I had to wait a long time for this movie to become available at Blockbuster Online and I was so excited to finally get it in the mail. The trailer looked absolutely hilarious and I thought I was going to watch something funny like a combination of a Christopher Guest "mockumentary" and D&D-skewing indie fare like "The Gamers." Instead, I got a very unfunny, badly filmed, poorly acted crapfest. By the end, I was checking my watch and wondering what was on TV that I could watch instead.

Yes, we all know the gamer stereotypes, but in this case it's so ferociously cruel that you can tell its creators simply hate gamers. There's none of the good-natured "let's laugh at the cliche" moments, like in The Dead Gentlemen's vastly superior "The Gamers." No, instead it just insults gamers viciously.

Anything funny at all is shown in the trailer. After that, they just recycle the same jokes over and over. Okay, the guy's black girlfriend makes him a "wizard robe and hood" that look suspiciously like a KKK outfit. Fine. Okay, the one guy's parents are swingers, we don't need to be told that over and over and over again. Okay, Reese is obsessed with 70s-80s "it-girls" and names him characters after them.

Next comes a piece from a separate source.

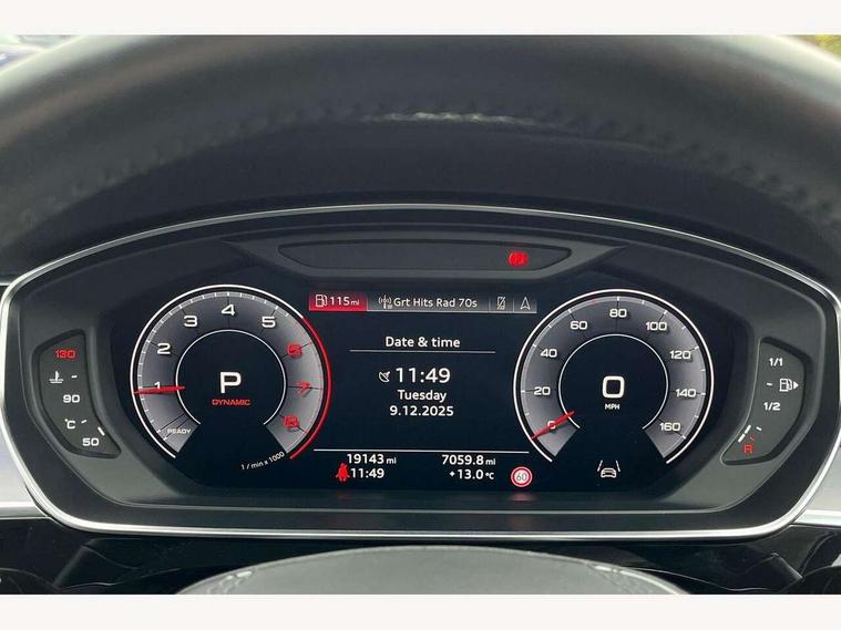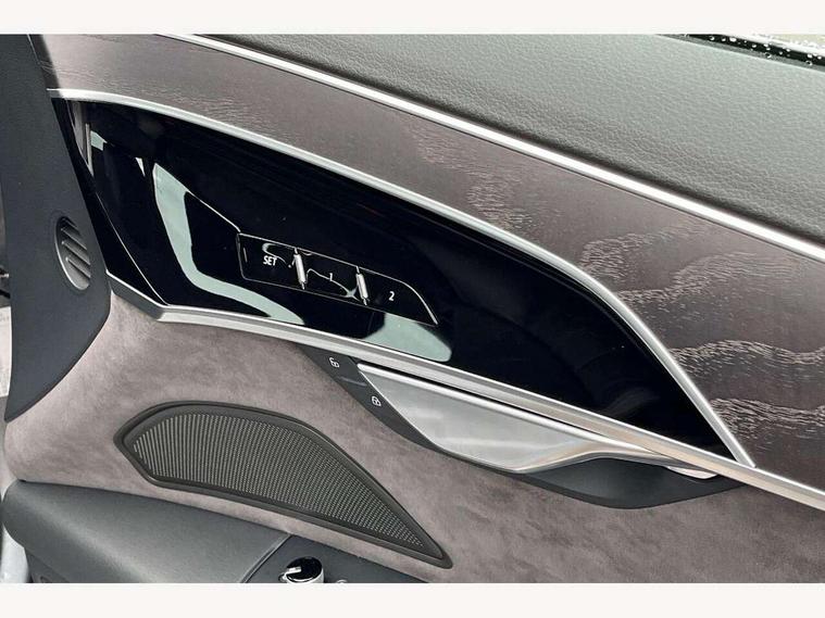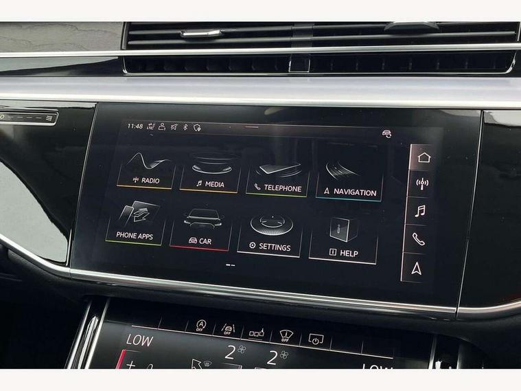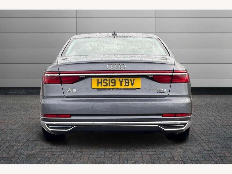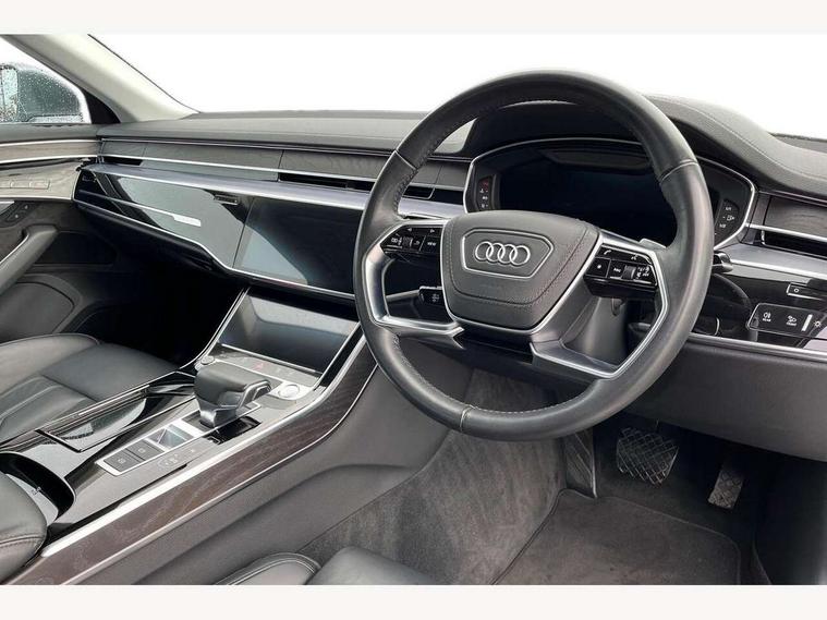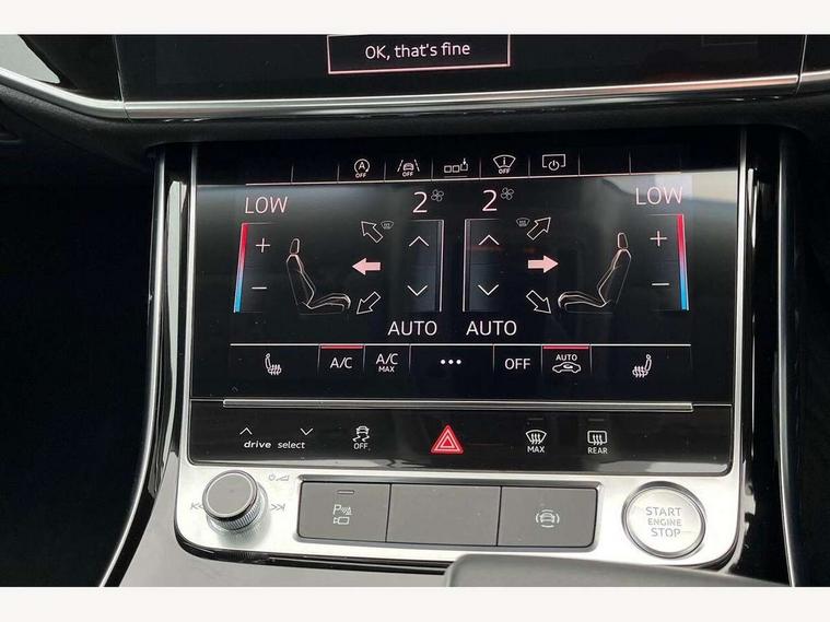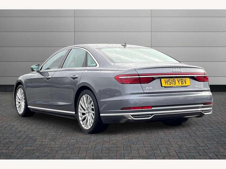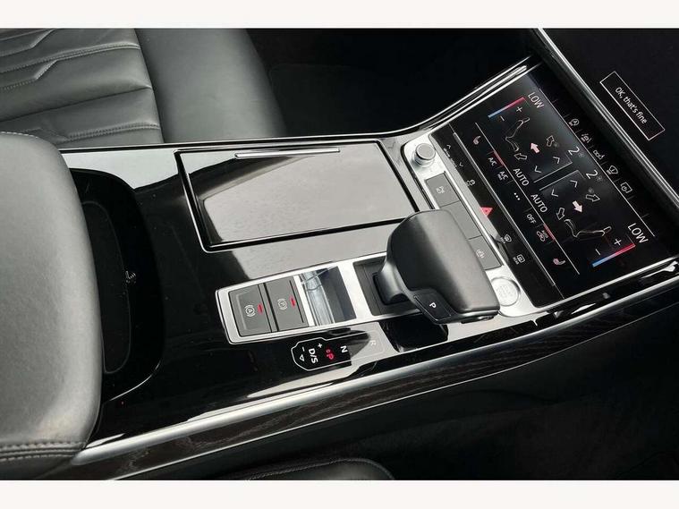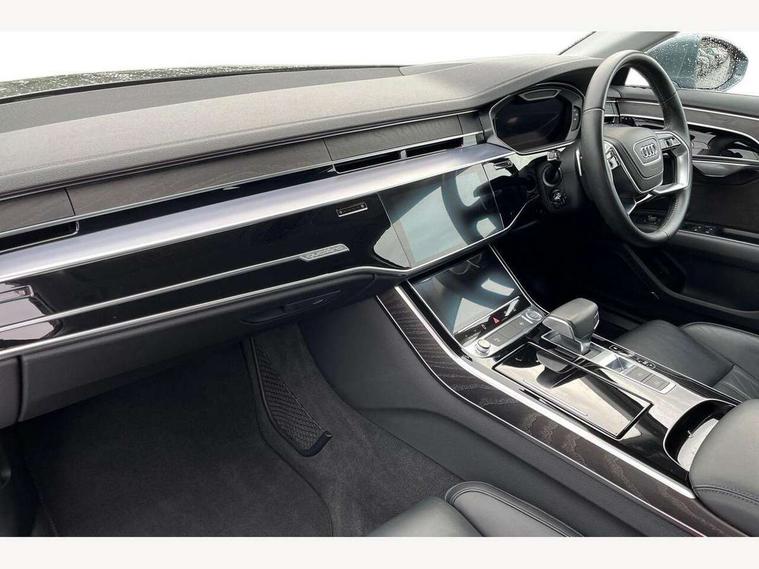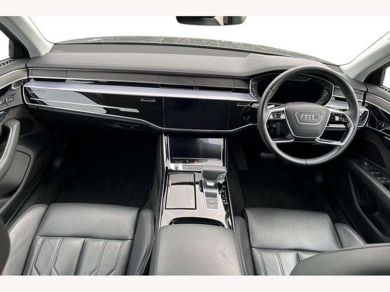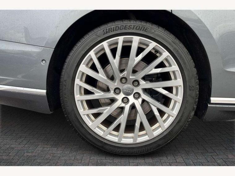 'Lights On' Reminder warning buzzer, Adaptive cruise control with Stop and Go + pre sense front, Audi connect, Audi drive select, Audi phone box with wireless charging, Audi smartphone interface, Camera based traffic sign recognition, Colour driver's information system display, Head up Display, Lane departure warning system, MMI navigation plus with MMI touch, Power tailgate, Rear view camera, Remote fuel filler release, Service interval indicator, Virtual cockpit, Adaptive air suspension, DAB digital radio module, DVD System, MMI radio plus, USB connection, Acoustic windscreen, Auto dimming rear view mirror, Automatic headlight control system, Body colour bumpers, Body colour door handles, Body colour door mirrors, Body colour side protection with aluminium trim strips, Electric front windows, Electric heated, adjustable, folding and dimming door mirrors with memory, Electric rear windows with isolation switch, Heat insulating glass windscreen and side windows, Heated rear window, Heated windscreen washer jets, LED brake lights, LED daytime running lights, Reverse activated kerb-view adjustment on passenger's door mirror, 230V socket, 3 rear seats, Centre console with cupholders, Climate controlled seats, Comfort front centre armrest, Cooled glovebox, Door armrest with storage, Door pockets with bottle holder, Dust/pollen filters, Electric 4-way lumbar support for front seats, Electric adj front seatbelt height + memory, Electric front seats with memory function, Front/rear floor mats, Height/reach electric steering column with easy exit function, ISOFIX child seat mounting in front passenger and rear outer seats, Jack and tool kit, Leather gear lever, Multifunction steering wheel, Passenger footwell storage net, Rear centre armrest, Rear head restraints, Roof mounted sunglasses holder, Sunvisors with illuminated vanity mirrors, LED ambient interior lighting pack - A8, Light and rain sensor pack - A8, Luggage compartment pack - A8, 3 point seatbelts on all rear seats, ABS/EBD, Active front headrest system, ASR traction control, Driver and front passenger airbag with front side and head airbags, EDL traction control, Electromechanical parking brake, Emergency brake assist, ESP, Front passenger airbag deactivation, Hill hold assist, Hill start assist, Pre sense basic, Predictive pedestrian protection, Rear child proof door locks, Seatbelt warning, Tyre pressure warning light, Warning triangle and first aid kit, Advanced key, Anti theft alarm tow away protection, Anti theft wheel bolts and loose wheel warning, Locking wheel bolts, Remote central locking, Brushed aluminium lower inlay, Space saver spare wheel,
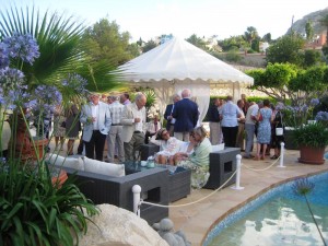 Members enjoying pre dinner drinks in the gardens

Someone needed to learn about editing and comic timing and delivery. We don't need to hear the same jokes ad nauseum. We don't need to hear the same jokes repeatedly. We don't need to hear the same jokes again and again and again. And again.

This film's acting also suffers from a frequent problem of poorly-made "mockumentaries": The actors play the characters is an over-the-top manner that shows the actors are too "into" the joke. For this kind of film to work, the actors need to play their characters straight. They should not play them in any "tongue-in-cheek" fashion. The actors should not be giving the audience a "nudge and a wink." This kind of movie works far better if the actors play their characters completely seriously and let their characters delusional antics create the humor.

The only actors who really seemed to know how to play their parts well were the Hollywood actors making cameos: John Heard, Beverly D'Angelo, William Katt and Kelly LeBrock. Consequently, their parts of the film were the only parts where I honestly laughed.

Work harder on getting honest work out of your actors, work harder on avoiding cliches and stop recycling stale old jokes (John Rocker jokes? In a 2006 film?), and this will work much better.

I give this movie a 3/10.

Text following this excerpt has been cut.